The sad news was announced by the Board of Directors which said that in the last financial year, they made a ‘good’ loss of UGX11 billion.
Sources from the bank who spoke to this site on condition of anonymity quoted the bank’s General Manager George Ochom in a meeting as saying that shareholders should not get any dividend. According to Ochom, this will help keep the bank with enough liquidity to deal with any possible emergency.

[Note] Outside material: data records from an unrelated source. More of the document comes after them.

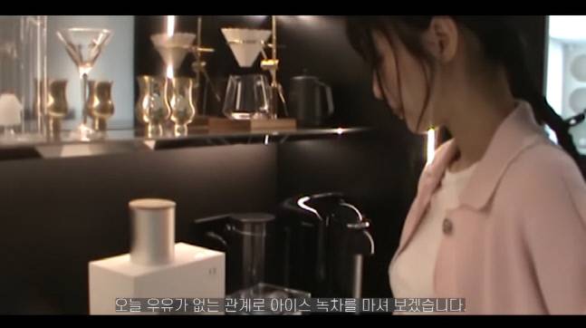 물이 데워지기 전 오늘의 패션을 소개한 제니는 자신의 녹차 기계도 자랑했다.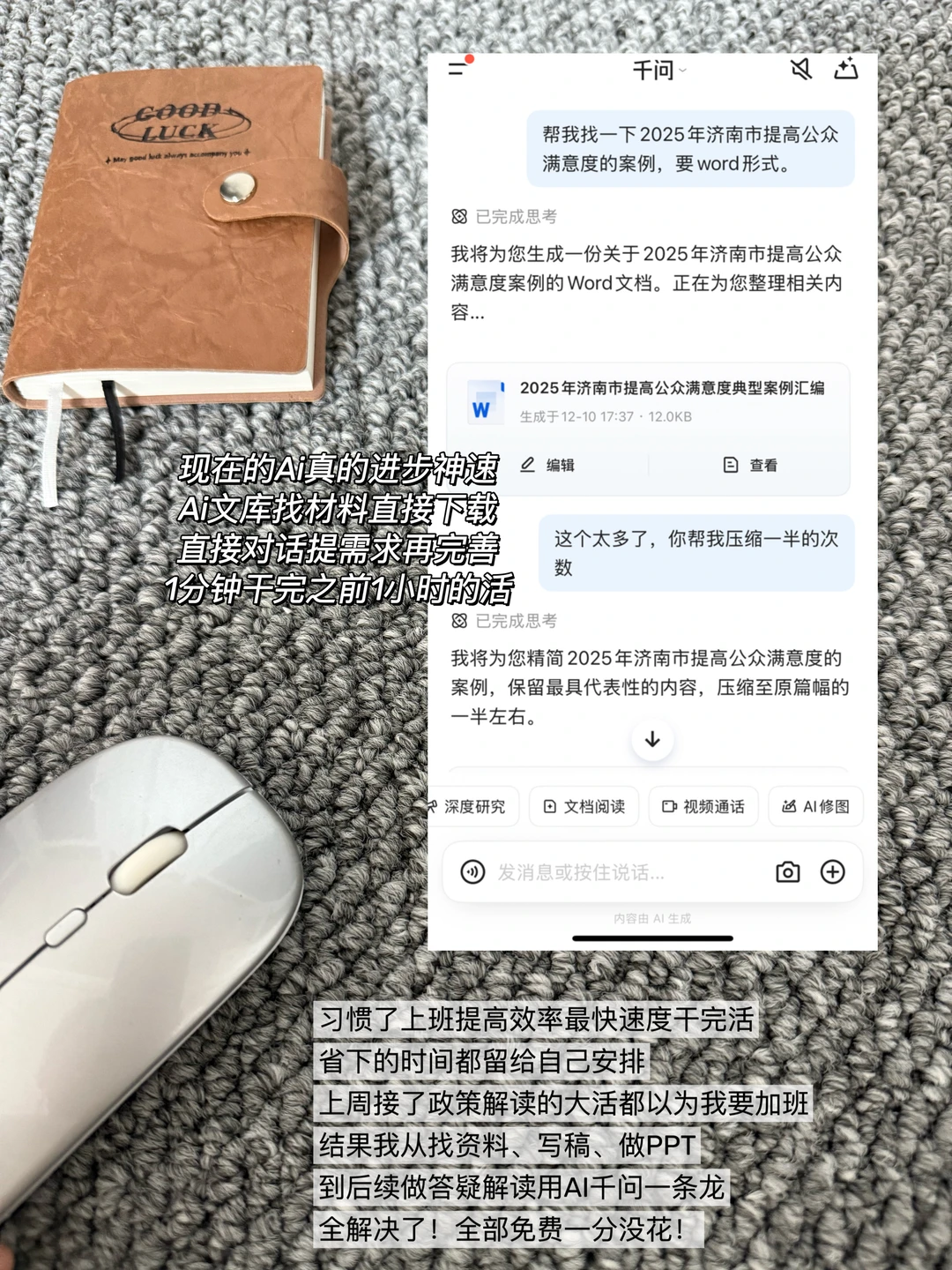 我习惯了上班提高效率用最快的速度干完活,省下的时间都留给自己。上周接了政策解读的大活都以为我要加班,结果我从找资料、写稿、做PPT[清单R]到后续做答疑用AI千问一条龙全解决了,免费一分没花!首先找案例不用全网盲目搜索,直接用AI文库,输关键词找到相关行业报告、政策解读,再用AI文档对话式描述写稿需求,一句话生成结构清晰的文档,顺便把格式都转好了。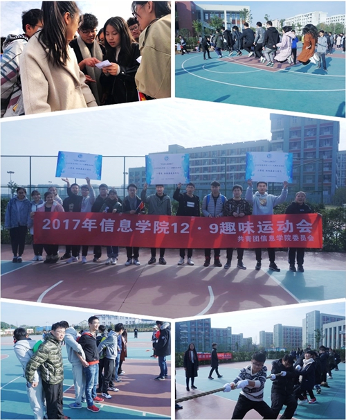 信息学院团委主办的一二.九趣味运动会顺利开展。本次一二•九趣味运动会以“不忘初心,砥砺前行”为主题,紧紧围绕团员青年践行十九大的初衷,开展中共十九大知多少(问答环节),传递中国梦(传递洋葱圈),夹着梦想前行(夹球跑),跳跃历史的鸿沟(跳大绳),不忘初心跟党走(绑腿跑),红线落谁家?(拔河比赛)六项趣味运动项目。
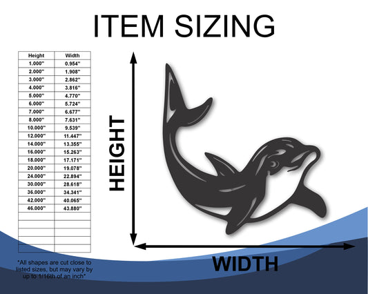 Custom Metal Dolphin Wall Art | Indoor Outdoor | Up to 46" | 20+ Color Options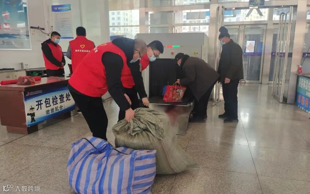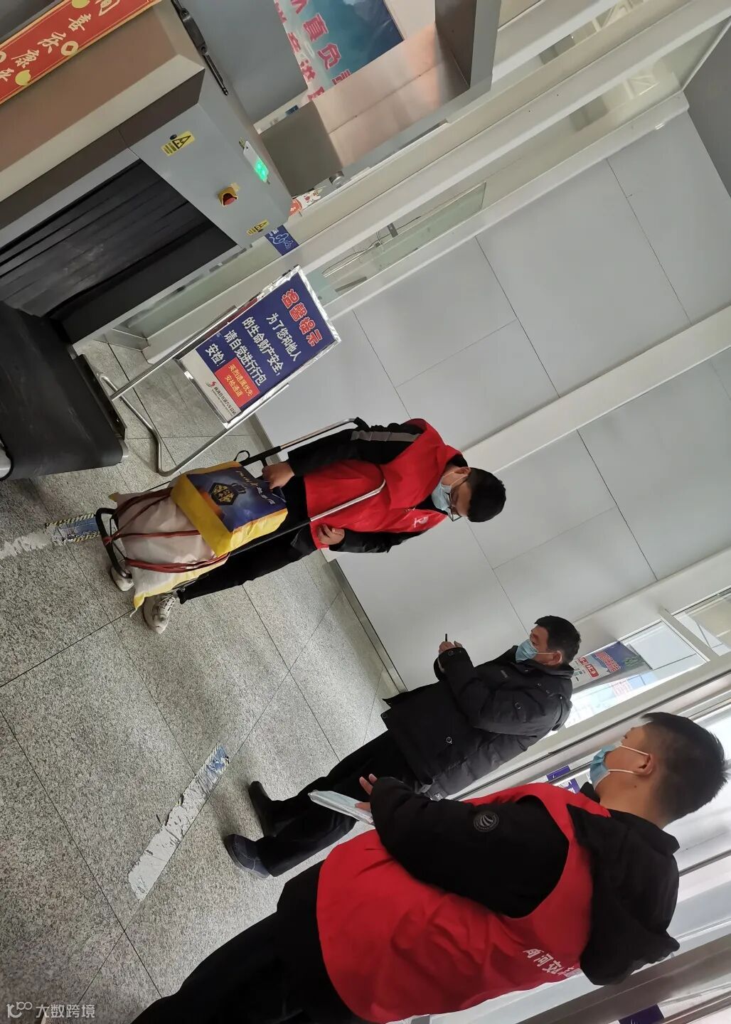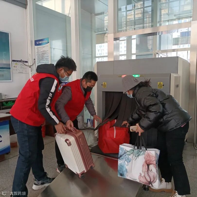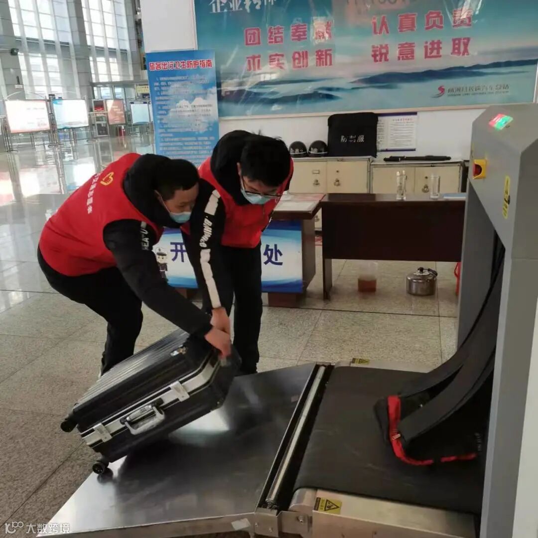 在安检处,志愿者们协助安检人员查验包裹,检查有无易燃易爆等危险品,并帮助行李重多的乘客提拉行李,换来乘客感谢声一片。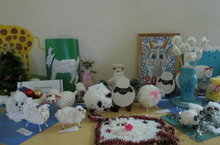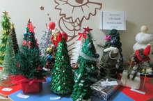 В детском саду организована выставка новогодних поделок, открыток, креативных елочек, украшенных игрушками, сделанными детьми и родителями в совместной деятельности. Правду говорят, что фантазия человека не имеет границ. Каких только чудесных фигур, предметов, украшений не смастерили наши талантливые и творческие родители.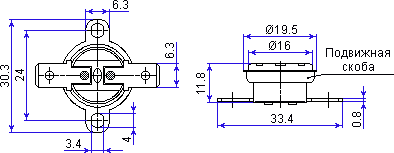 Биметаллический термостат KSD301A070UF1B NC 70°C 16A 250V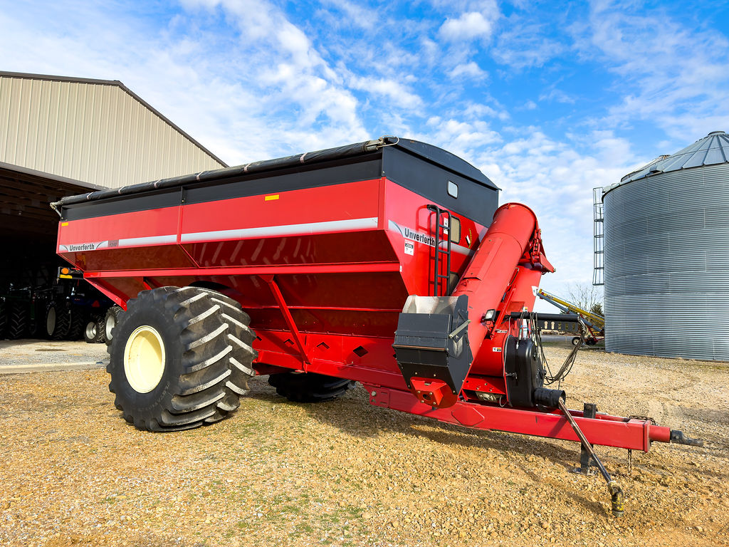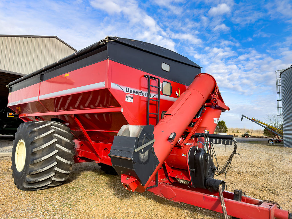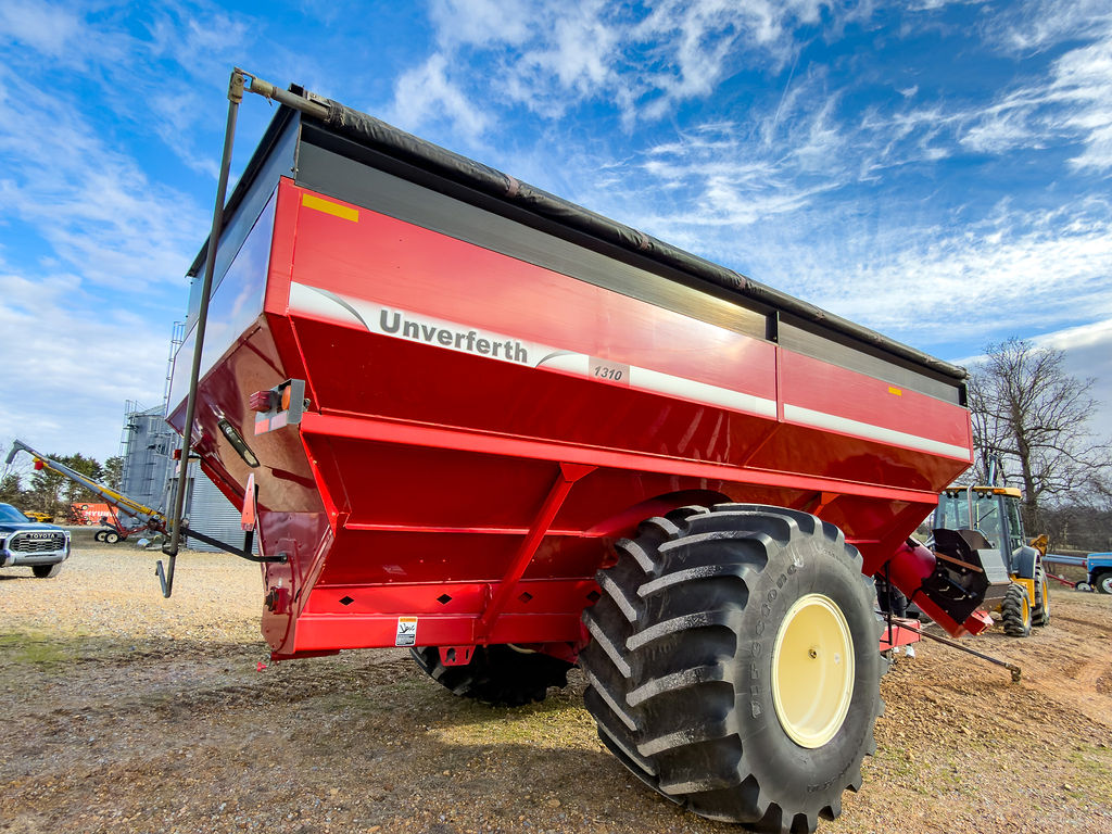 Unverferth grain cart model 1310 equipped with roll tarp, Firestone 1250/45-32 tires, and hydraulic-adjust spout.

Reporting about this mega-crisis Dfcu is immersed into, Mathias Katamba, the bank’s Chief Executive Officer said, profits tumbled from Shs24 billion to Shs13 billion compared to the previous years.
As a common excuse for most institutions battling various crises, Katamba claimed that the drop in profits is due to the Covid-19 pandemic.
“Dfcu bank like some other players in the market experienced a drop in profitability by 45% in 2021. However, the bank posted most of its income from earnings on interest on loans, but almost experienced a wipeout of this income due to provisioning for bad loans that accrued in the wake of the Covid 19 crisis,” Katamba said.
Meanwhile, some of the shareholders who might be in regrets for investing into ‘financially staggering’ Dfcu bank include Arise BV (58.70%), Investment Fund for Developing Countries (9.97%), National Social Security Fund of Uganda (7.46%) and Kimberlite Frontier Africa Naster Fund (7.3%).